Eight Ways the EU Can Help Journalism

August 24, 2012 • Media and Politics • by

*Article courtesy of the European Journalism Centre

Why is the European Union so ineffective when it comes to supporting press freedom and media pluralism?

The Vice President of the European Commission for the Digital Agenda, Neelie Kroes, addressed this question in a keynote to a European Parliament Seminar on Media Freedom in the EU Member States in May. In short, she made the following points:

  • The practical, economic, cultural and legal framework conditions for media pluralism and press freedom vary massively from one Member State to another and thus cannot all be painted with one brush;
  • If the EU were to take pluralism-related action at all, it must not focus on bad examples in particular Member States (such as most recently Hungary, or Italy a few years ago), but go for an overarching and universal approach;
  • Member States have so far not vested the EU with the power directly to defend media freedom in the first place, at least not within the Member States themselves;
  • The issue is aggravated by the fact that journalism, perhaps the most relevant aspect of media pluralism, is currently going through profound changes brought on by the Internet, and the outcome of such changes is yet unknown;
  • Public subsidies aiming to sustain accustomed business models for journalism would be wasted as they would merely protract the eventually inevitable process of the sector’s fundamental realignment.

I would agree with all of the above. The European Commission itself has demonstrated in a 2009 study on Indicators for Media Pluralism in the Member States (see my comments in English here and in German here) how many different factors influence press freedom and in how great a variety of constellations they come together in any particular country.

Media pluralism monitor

Nonetheless, the study has managed to develop a viable approach at comparatively measuring media pluralism, and yet it has been lying dormant ever since it was presented. The x have shied away from actually applying the yardstick it provided. Leaving it at the theoretical level certainly made sure that no Member State, media company, or lobby group could be offended, and I imagine there also was quite some resistance against putting more money towards an issue that is beyond the European Union’s purview anyhow.

Still, I would argue that a comparative perspective on media pluralism that takes into account multiple facets, such as the distribution of ownership, market size and fragmentation, economics, approaches to (self-)regulation, genres, and cultural diversity, has a clear added value at European level. While it may currently not be appropriate for the EU actually to make laws in this area, the EU could however provide knowledge and insights which are bigger than the sum of their parts, i.e., the entrenched media systems of individual Member States (*i).

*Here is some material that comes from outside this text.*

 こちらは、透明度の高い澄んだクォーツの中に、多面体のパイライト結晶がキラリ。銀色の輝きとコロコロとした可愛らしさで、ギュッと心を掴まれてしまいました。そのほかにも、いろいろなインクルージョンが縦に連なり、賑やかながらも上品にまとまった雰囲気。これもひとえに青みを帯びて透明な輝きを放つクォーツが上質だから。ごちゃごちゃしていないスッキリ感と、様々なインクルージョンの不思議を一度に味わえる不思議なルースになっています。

Abandoned journalism initiatives

Two more journalism-related initiatives were renounced by the EU institutions over the last few years before they even reached the stage of a pilot project. One, in 2010, was to provide grants specifically to multi-national teams of investigative journalists. While well-intentioned, the project was ill-conceived in that it took too little into account the mentality and working methods of journalists, and experienced difficulties setting up a proper firewall between the EU as a governmental body and the potentially sensitive, if not offensive, investigative topics. It was abandoned with good reason, but it deprived the public of more than €1 million’s worth of potentially exciting stories even in its earliest planned configuration.

The other, in 2011, looked into establishing an Erasmus for journalists programme, which was supposed to support extended sojourns of professional journalists with media organisations in another EU country. This was a genuinely European task that would have helped, albeit incrementally, to loosen up the media’s predominantly national point of view. Journalists would have had the opportunity to learn about other Member States, to experience first-hand the working methods of their peers, and to appreciate the approach taken in other countries to issues of common concern. Alas, the initiative was scrapped before it could even begin in earnest.

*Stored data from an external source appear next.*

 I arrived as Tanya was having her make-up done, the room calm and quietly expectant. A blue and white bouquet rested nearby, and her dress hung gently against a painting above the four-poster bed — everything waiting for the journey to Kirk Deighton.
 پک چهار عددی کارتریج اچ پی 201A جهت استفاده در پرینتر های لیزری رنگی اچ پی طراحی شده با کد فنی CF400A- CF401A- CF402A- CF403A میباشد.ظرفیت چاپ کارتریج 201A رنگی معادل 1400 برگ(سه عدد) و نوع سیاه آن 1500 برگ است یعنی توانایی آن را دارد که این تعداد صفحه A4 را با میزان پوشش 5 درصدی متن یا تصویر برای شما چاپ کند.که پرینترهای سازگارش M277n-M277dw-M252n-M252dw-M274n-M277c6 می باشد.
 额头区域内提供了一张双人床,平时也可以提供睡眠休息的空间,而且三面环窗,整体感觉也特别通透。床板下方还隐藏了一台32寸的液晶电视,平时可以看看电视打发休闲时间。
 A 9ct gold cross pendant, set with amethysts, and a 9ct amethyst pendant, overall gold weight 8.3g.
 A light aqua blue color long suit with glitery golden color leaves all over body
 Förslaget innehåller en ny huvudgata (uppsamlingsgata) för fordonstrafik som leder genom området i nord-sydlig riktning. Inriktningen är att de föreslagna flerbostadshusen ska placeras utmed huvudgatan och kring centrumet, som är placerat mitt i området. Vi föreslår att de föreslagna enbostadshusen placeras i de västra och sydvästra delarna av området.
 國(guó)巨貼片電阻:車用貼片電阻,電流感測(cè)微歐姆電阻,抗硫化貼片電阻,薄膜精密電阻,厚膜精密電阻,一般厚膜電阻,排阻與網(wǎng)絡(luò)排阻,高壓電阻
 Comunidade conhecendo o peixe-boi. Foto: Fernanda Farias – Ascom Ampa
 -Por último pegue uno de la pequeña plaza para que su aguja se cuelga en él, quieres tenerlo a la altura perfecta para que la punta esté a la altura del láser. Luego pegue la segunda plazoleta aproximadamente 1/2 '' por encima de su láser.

All the above projects were initiated directly or indirectly by the European Parliament and turned over to the European Commission to investigate their feasibility and potentially to implement them later. None of them survived – and yet none was intended directly to subsidise out-dated legacy media business models. All three concepts were rather agnostic of the organisational framework and primarily investing for the benefit of journalistic stories, individual journalists’ professional capacities, media variety in general, and a European public sphere.

Of foam and sphericules

However, people have for a long time discussed whether a European public sphere is possible at all and if so, how it could be achieved. The reasoning is that European integration can only be strengthened if citizens eventually stop identifying only with their countries of origin and consider Europe as a common political space of action that goes beyond petty particular interests of the Member States. Arguably, we are light years away from such a state of European bliss.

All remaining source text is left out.